What woke him was his father’s stomach opening. When Finkler saw the cancer swimming towards him in a sea of blood he could not go on dreaming.
He, too, was surprised when Libor rang. Like Treslove, he found it upsetting that Libor needed company twice in the same week. But he was able to be more accommodating than his friend. Perhaps because he too needed company twice in the same week.
‘Come over,’ he said. ‘I’ll order in Chinese.’
‘You speak Chinese now?’
‘Funny guy, Libor. Be here at eight.’
‘You sure you’re up for it?’
‘I’m a philosopher, I’m not sure about anything. But come. Just don’t bring the Sanhedrin with you.’
The Sanhedrin were the judges of the ancient land of Israel. Finkler wasn’t in the mood for Israyel talk. Not with Libor.

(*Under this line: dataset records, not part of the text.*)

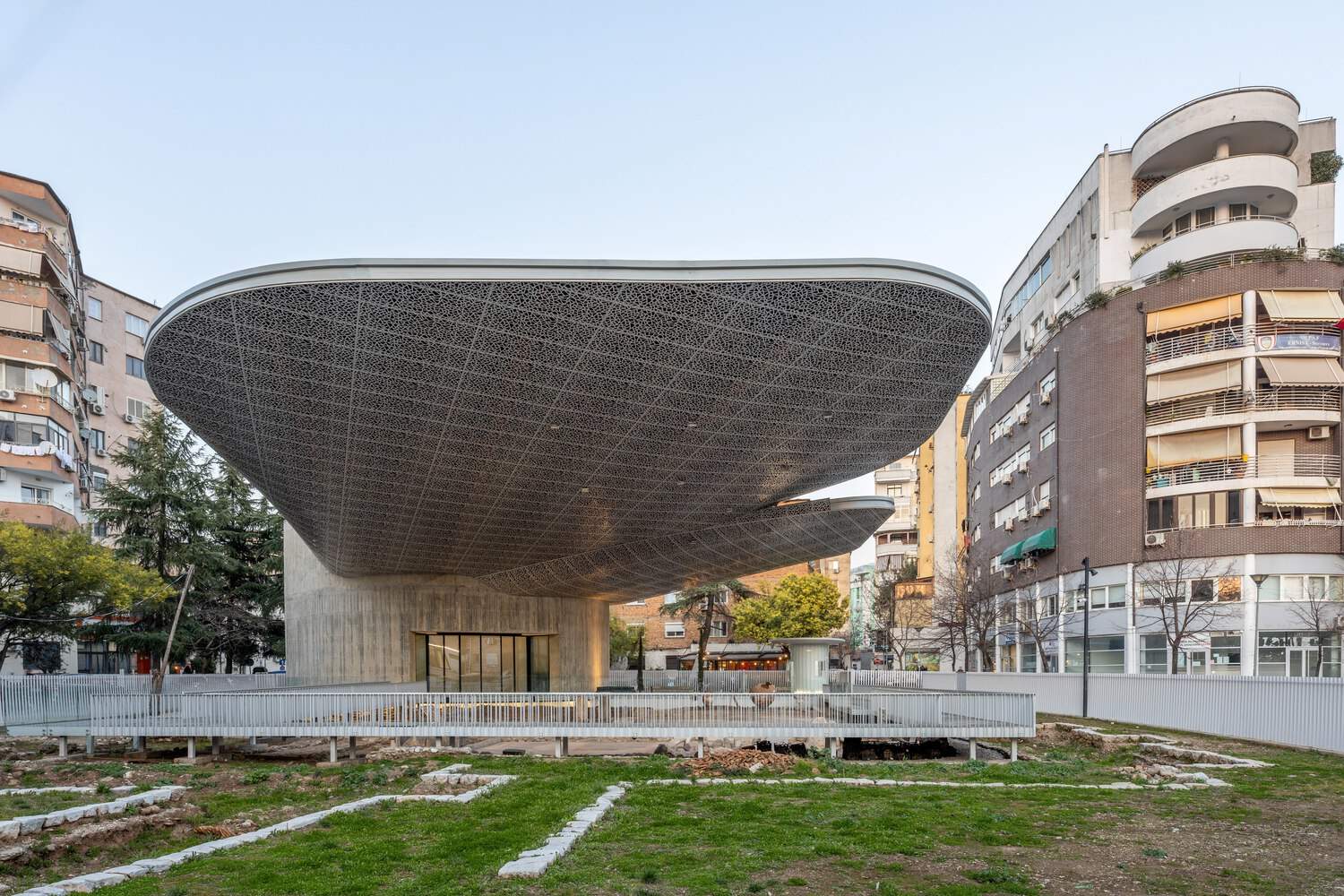 “生命之花”主题的结构性转译:项目最巧妙之处在于其建筑理念的灵感源泉——地拉那马赛克中发现的“生命之花”符号。这一符号被创造性地转化为保护性遮棚的“花瓣”状结构,实现了从文化符号到建筑形态的有机转换。这种结构不仅提供了必要的遮光和环境控制,其轻质框架和织物网罩的设计也最大程度地降低了对遗址的视觉干扰,体现了对文保项目的深刻理解。
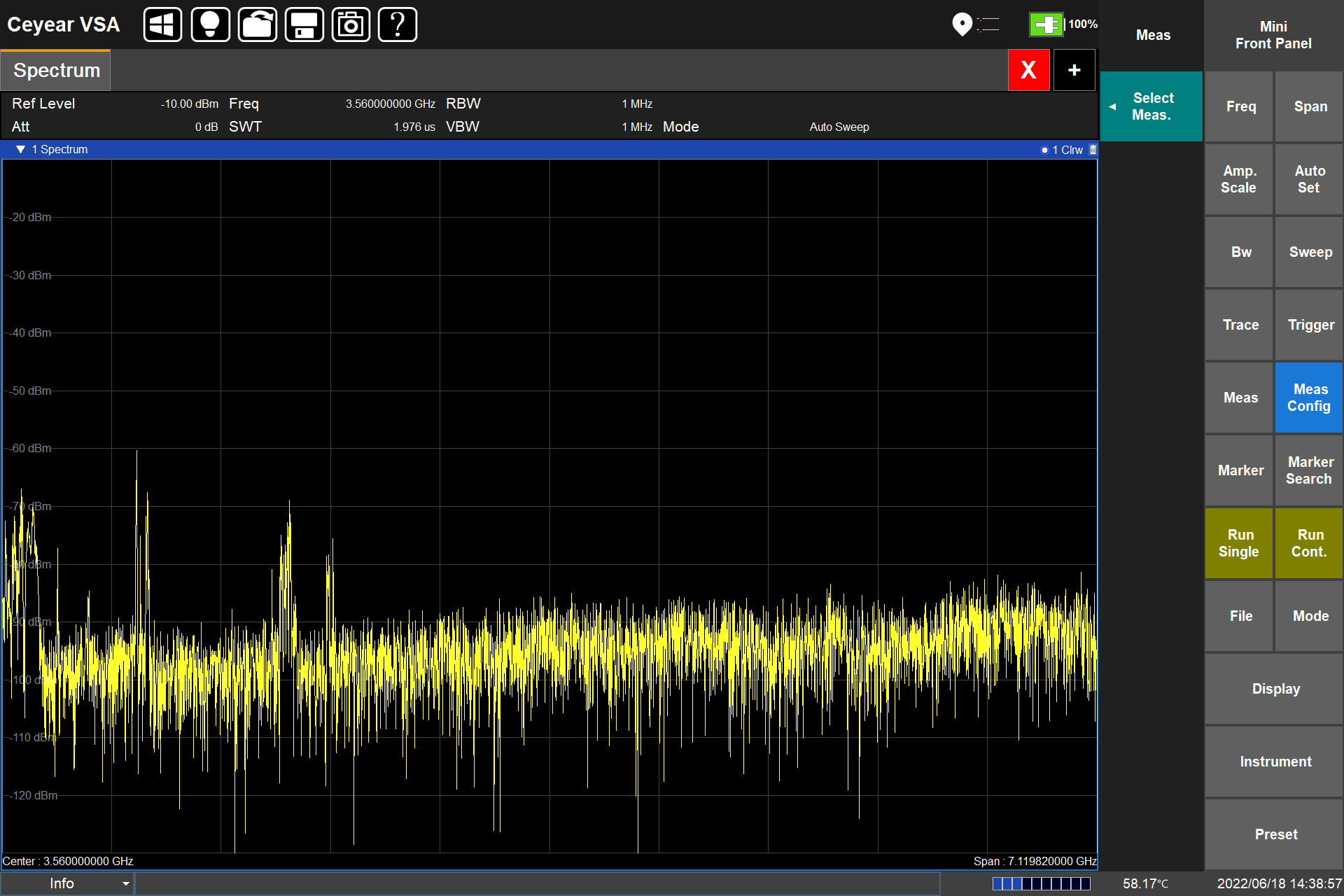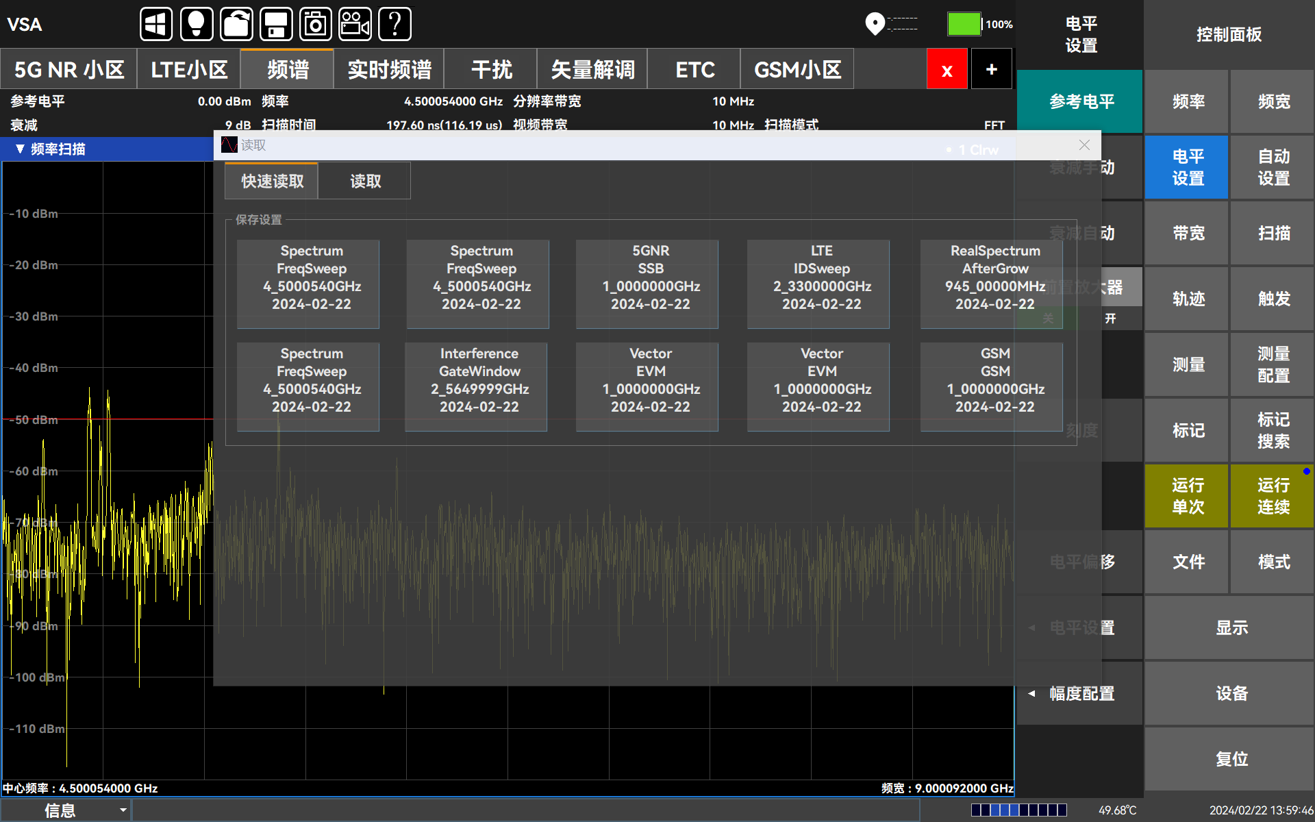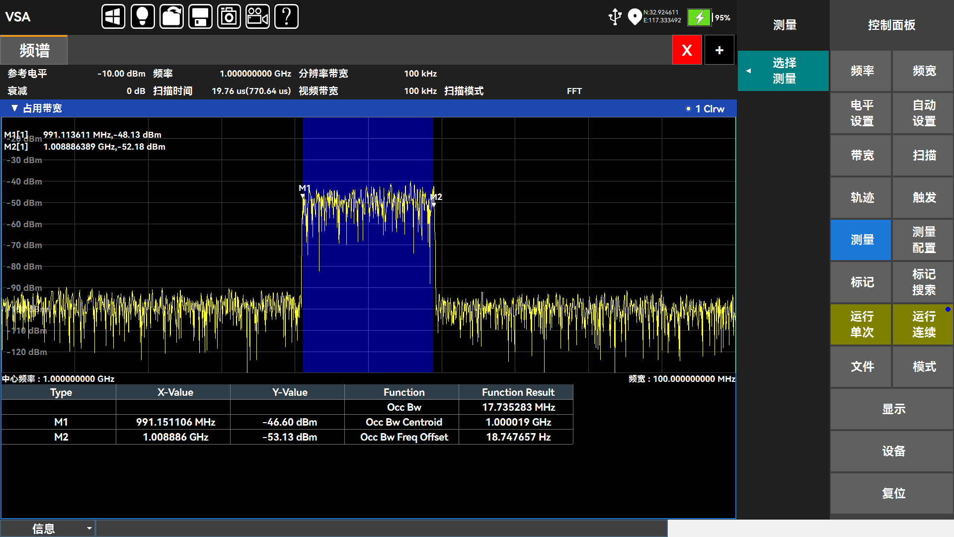測試(shì)分析(xī):頻譜掃(sǎo)描、場強(qiáng)測量、通道功率、占用(yòng)帶寬、鄰道功率(lǜ)、100MHz實時頻譜、場強(qiáng)測量、頻譜發射模板(bǎn)、載噪比、諧(xié)波失真、相位噪聲、音頻解調、矢量分析等(děng)。
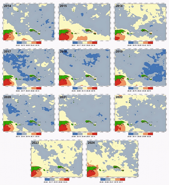 Indonesia’s marine environment is highly sensitive to global climate variability, particularly El Niño–Southern Oscillation (ENSO) and the Indian Ocean Dipole (IOD). This study analyzes the spatial and temporal variability of sea surface temperature (SST) and chlorophyll-a concentration and their relationship with ENSO and IOD in Sumenep waters, Madura Island. SST and chlorophyll-a data were derived from Aqua MODIS satellite observations for the period 2014–2024, while ENSO and IOD were represented by the Oceanic Niño Index (ONI) and Dipole Mode Index (DMI). Data were analyzed using temporal trend analysis, spatial mapping, and Pearson correlation. The results show that SST fluctuated between 28.01 and 30.75 °C, with higher temperatures during El Niño phases and lower temperatures during La Niña phases. Chlorophyll-a exhibited relatively stable minimum values (0.178–0.217 mg/m³), while maximum values varied between 0.499 and 0.782 mg/m³, peaking in 2020. Pearson correlation analysis indicates a strong relationship between ENSO and SST (r = 0.791) and a very strong relationship with chlorophyll-a (r = 0.898). In contrast, IOD shows very weak correlations with SST (r = 0.074) and chlorophyll-a (r = 0.211). These findings confirm that ENSO is the dominant driver of SST and chlorophyll-a variability in Sumenep waters, with important implications for regional marine productivity.
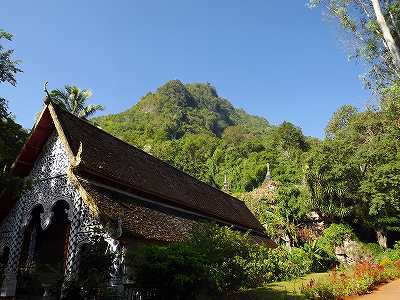 朝はチェンダオの山が霞んで見えたが、はれてきて勇壮な姿がみえる、チェンマイは暑い・・・
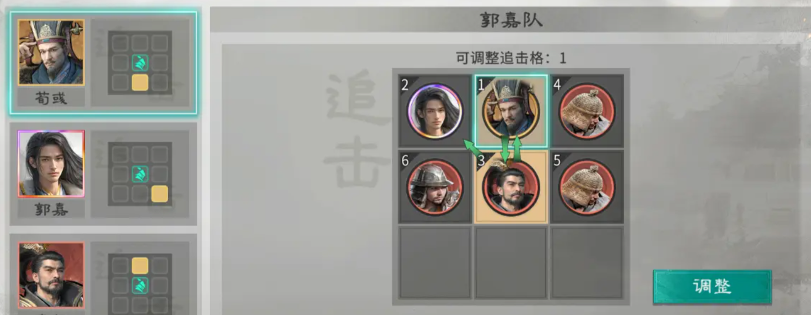 站位方面,建议前排配置藤甲兵承担稳定承伤任务;后排优先部署单穿杨军,利用其高穿透特性补足队伍整体输出缺口。袁绍需主动占据荀彧与郭嘉的追击格子,以高效触发“王佐之才”的追击增益效果,大幅提升自身技能释放次数与连动频率。需注意:郭嘉无需踩格,其定位为技能型副C,重点在于状态叠加与残血收割。
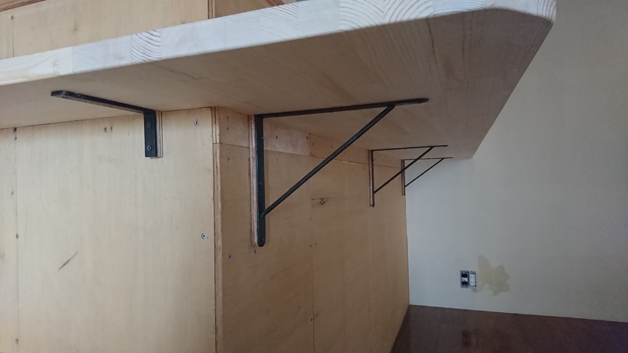 あとは棚受けの金物をタイルの面と合わせたかったので金物の下にタイルの厚み分木で、浮かせてもらいました。
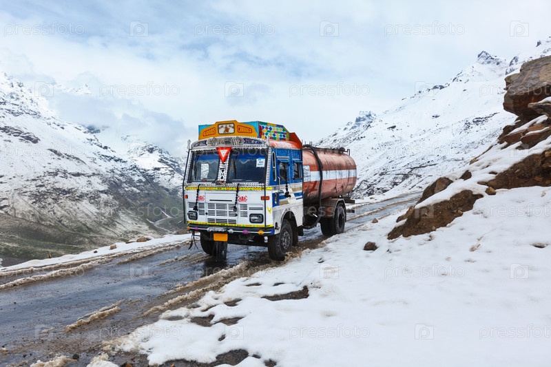 Грузовик на дороге Манали-Лех в индийских Гималаях. Химачал-Прадеш, Индия
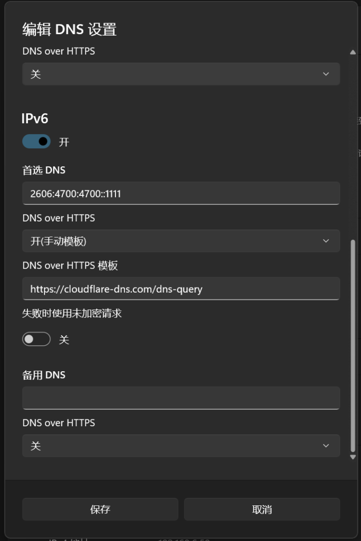 - 输入 https://cloudflare-dns.com/dns-query ,然后点击 保存。
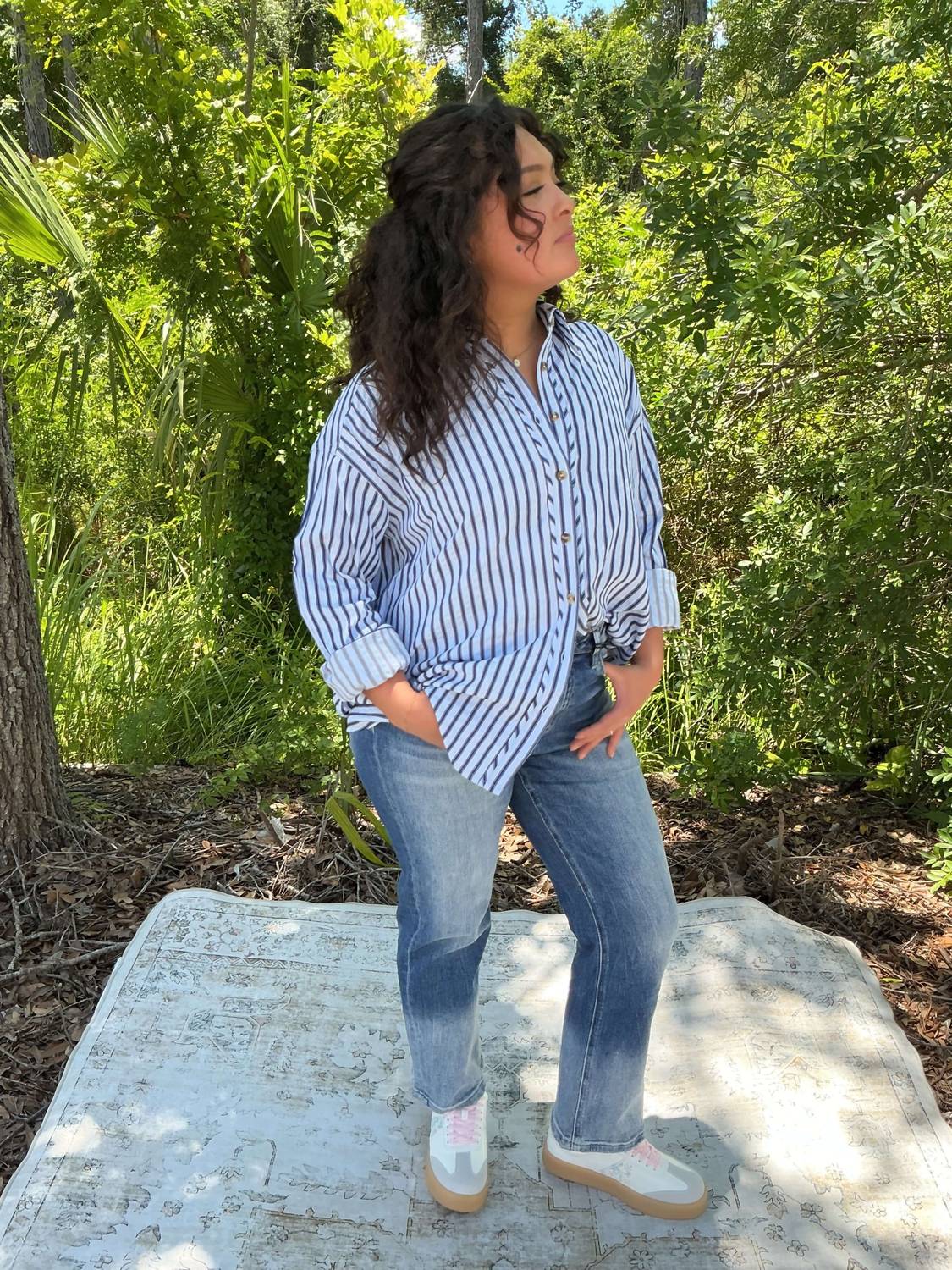 A classic button down shirt that will never go out of style. Introducing the Entro Textured Stripe Long Sleeve Button Down Shirt, a stylish addition to your wardrobe available in Chambray Blue. This shirt features long sleeves and a classic collar, complemented by a textured stripe pattern for a chic look. The shirt has a button closure, ideal for mixing comfort with style. Perfect for holiday parties, it seamlessly blends a playful pleated drape hem at the back for added flair.
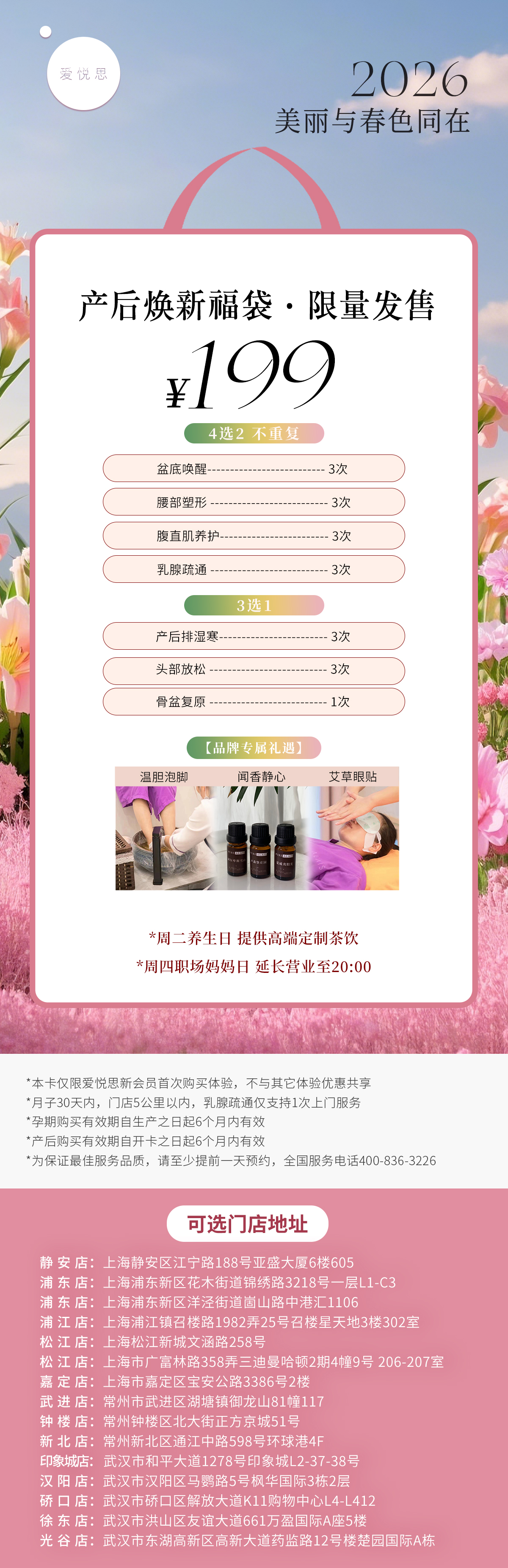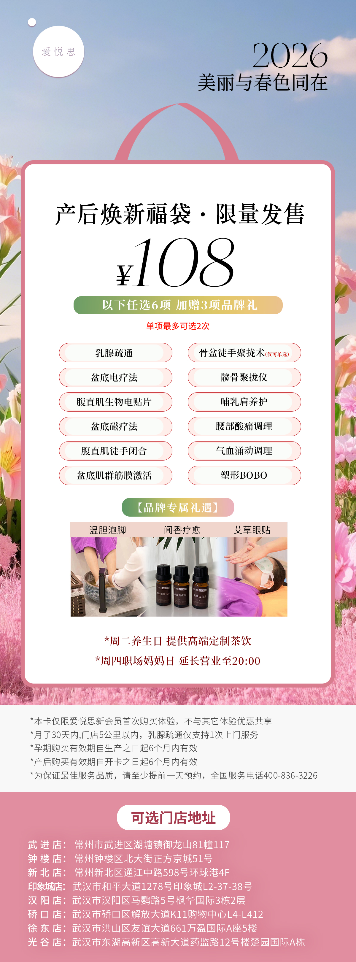 【5店通用】武汉爱悦思—108/199抢产后修复套餐!
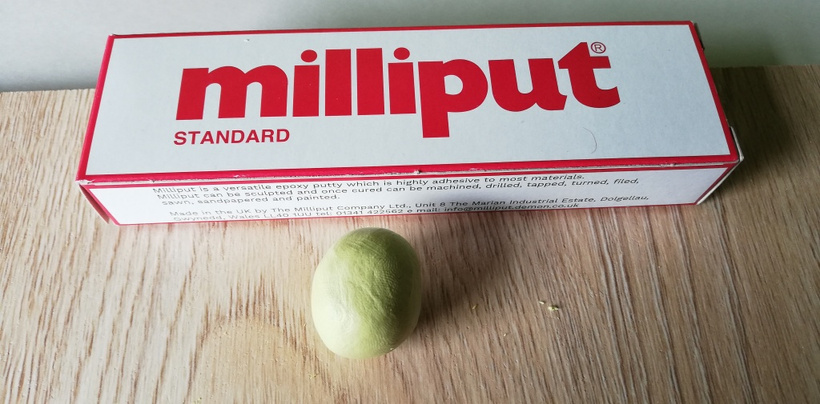 Milliput is a two part filler. Just chop off equal parts and pretend your a kid mixing two colours of plasticine.

‘Not a word, I promise,’ Libor said. ‘On condition that none of your Nazi friends will be there to steal my chicken in black bean sauce. You will remember that I like chicken in black bean sauce?’
‘I don’t have Nazi friends, Libor.’
‘Whatever you call them.’
Finkler sighed. ‘There’ll be just the two of us. Come at eight. I’ll have chicken with cashew nuts.’
‘Black bean sauce.’
‘Whatever.’
He set two places, antique horn chopsticks for each of them. One of his last gifts to his wife, hitherto unused. It was risky but he risked it.
‘These are beautiful,’ Libor noted with tenderness, widower to widower.